By default, Agent Lint anchors your context in the industry-standard AGENTS.md. However, it natively detects your active IDE and automatically routes maintenance rules to the optimal location:

  • AGENTS.md: The universal standard and default target for most coding agents.
  • CLAUDE.md: Preferred and targeted automatically for Claude-family clients.
  • Managed Rule Files: Specifically optimized for Cursor and Windsurf workflows.
  • .github/copilot-instructions.md: Seamlessly appended with a maintenance block for VS Code / GitHub Copilot users.

What You Get

CLI commands

Command Purpose
agent-lint init Set up Agent Lint MCP config and optionally install maintenance rules
agent-lint scan Scan the workspace and generate a context maintenance report grouped into missing types, incomplete files, stale, conflicting, and weak findings
agent-lint prompt Print a ready-to-paste IDE prompt that chooses a broad workspace scan or a targeted maintenance handoff using current workspace findings and local change signals when available
agent-lint score <file> Score a context artifact against 12 quality dimensions and print targeted improvement suggestions; artifact type is auto-detected from the filename or set with --type

MCP tools

Tool Purpose
agentlint_get_guidelines Return artifact-specific guidance before creating or updating context files
agentlint_plan_workspace_autofix Scan a workspace and return a step-by-step fix plan
agentlint_quick_check Check whether recent code changes require context updates
agentlint_emit_maintenance_snippet Return a reusable maintenance snippet for managed client files or AGENTS.md / CLAUDE.md fallbacks
agentlint_score_artifact Score a context artifact against 12 quality dimensions and return targeted improvement suggestions for autoresearch loops

MCP resources

Resource Purpose
agentlint://guidelines/{type} Readable guidelines for one artifact type
agentlint://template/{type} Skeleton template for a new artifact
agentlint://path-hints/{type} File discovery hints for each IDE client

Supported Clients

agent-lint init supports:

Claude Code Codex Cursor OpenCode Windsurf Claude Desktop VS Code Kilo Code Cline Roo Code Kiro Zed Antigravity

For exact formats and scope support, see:

Core Guarantees

  • Local-first. No hosted LLM, no database, and no auth layer.
  • Read-only MCP server. Agent Lint returns guidance; your client agent makes repository changes.
  • Lightweight by design. Separate CLI and MCP packages, minimal dependencies, and strict TypeScript throughout.
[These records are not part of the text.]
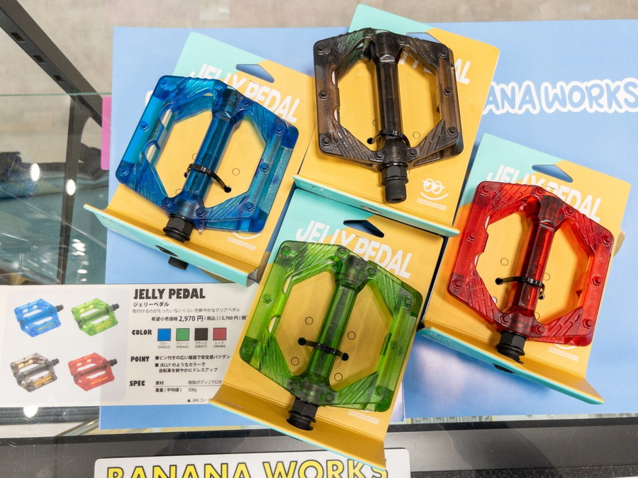 取り付けるのがもったいないほど色鮮やかなクリアペダルがブルー、グリーン、ブラック、レッドの4色で登場。ジェリーのようなカラーで自転車を鮮やかにドレスアップすることができます。
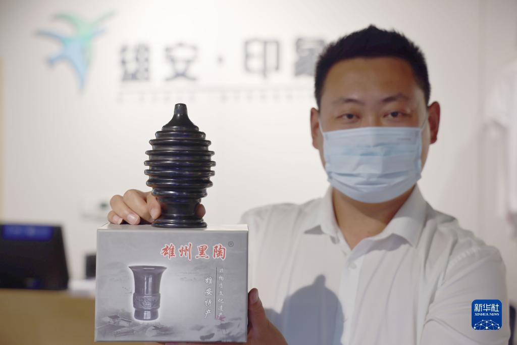 2022年9月6日,工作人員在展示雄安新區的文創(chuàng )紀念品。
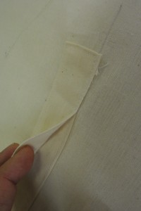 でかい方(上前立て)を身頃に裏から地縫いします。

Why Agent Lint Takes This Shape

Agent Lint is informed by official documentation across the agent-tool ecosystem and by a narrower set of field reports from practitioners who document what actually improves agent output in real repositories. The overlap across those sources is consistent: keep context lean, make verification explicit, use progressive disclosure for specialized knowledge, and treat plans, workflows, and maintenance rules as operational artifacts rather than prompt dumps.

When a primary source exists, Agent Lint follows that source first. Community writing is used to compare patterns across tools and to stress-test what belongs in durable repository guidance.

Official docs and specifications

Selected field notes and implementation reports

Agent Lint does not mirror any one source directly. It uses the overlap between these references to shape workspace scanning, artifact guidance, maintenance snippets, and context-aware maintenance workflows, while keeping the repository code, tests, and package docs as the local source of truth.

Contributing

pnpm install
pnpm run build
pnpm run typecheck
pnpm run lint
pnpm run test

Public contribution guidance lives in CONTRIBUTING.md. Release steps live in PUBLISH.md.